6. Indonesia memiliki dasar-dasar hukum pemberantasan tindak pidana korupsi yang menjadi pedoman dan landasan dalam pencegahan dan penindakan. Salah satunya menjadi dasar pembentukan Komisi Pemberantasan Korupsi atau KPK untuk menjadi penggawa pemberantasan korupsi di tanah air. Dalam perjalanannya, berbagai perubahan undang-undang dilakukan untuk menyesuaikan dengan kondisi terkini penindakan kasus korupsi. Menyadari tidak bisa bekerja sendirian, pemerintah melalui Peraturan Pemerintah juga mengajak peran serta masyarakat untuk mendeteksi dan melaporkan tindak pidana korupsi.
Berikut adalah dasar-dasar hukum pemberantasan tindak pidana korupsi di Indonesia.
a.

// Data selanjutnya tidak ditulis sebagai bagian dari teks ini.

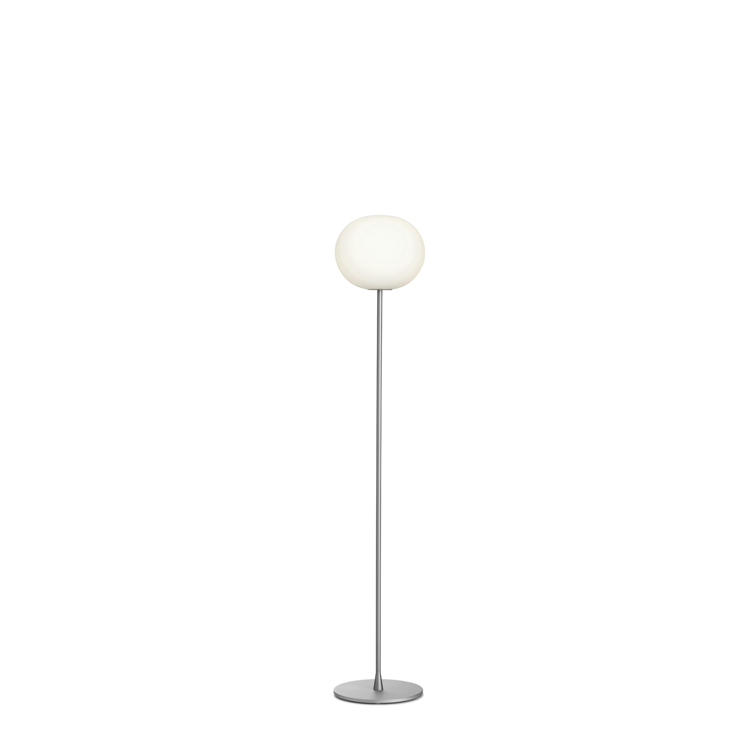 Floor lamp providing diffused light. Diffuser consisting of an externally acid-etched, hand blown, flashed opaline glass and a die-cast threaded ring nut with alodine plating finish. Gray or black painted high-thickness steel base and stem and die-cast aluminum diffuser support. On the cable there is the electronic dimmer which allows the regulation of light brightness.

UU No. 3 tahun 1971 Tentang Pemberantasan Tindak Pidana Korupsi, Undang-undang ini dikeluarkan di masa Orde Baru pada kepemimpinan Presiden Soeharto. UU No. 3 tahun 1971 mengatur pidana penjara maksimum seumur hidup serta denda maksimal Rp 30 juta bagi semua delik yang dikategorikan korupsi.
b. Ketetapan MPR No XI/MPR/1998 tentang Penyelenggara Negara yang Bersih dan Bebas KKN, Usai rezim Orde Baru tumbang diganti masa Reformasi, muncul Tap MPR Nomor XI/MPR/1998 tentang Penyelenggara Negara yang Bersih dan Bebas KKN. Sejalan dengan TAP MPR tersebut, pemerintah Presiden Abdurrahman Wahid membentuk badan-badan negara untuk mendukung upaya pemberantasan korupsi, antara lain: Tim
Gabungan Penanggulangan Tindak Pidana Korupsi, Komisi Ombudsman Nasional, Komisi Pemeriksa Kekayaan Pejabat Negara dan beberapa lainnya.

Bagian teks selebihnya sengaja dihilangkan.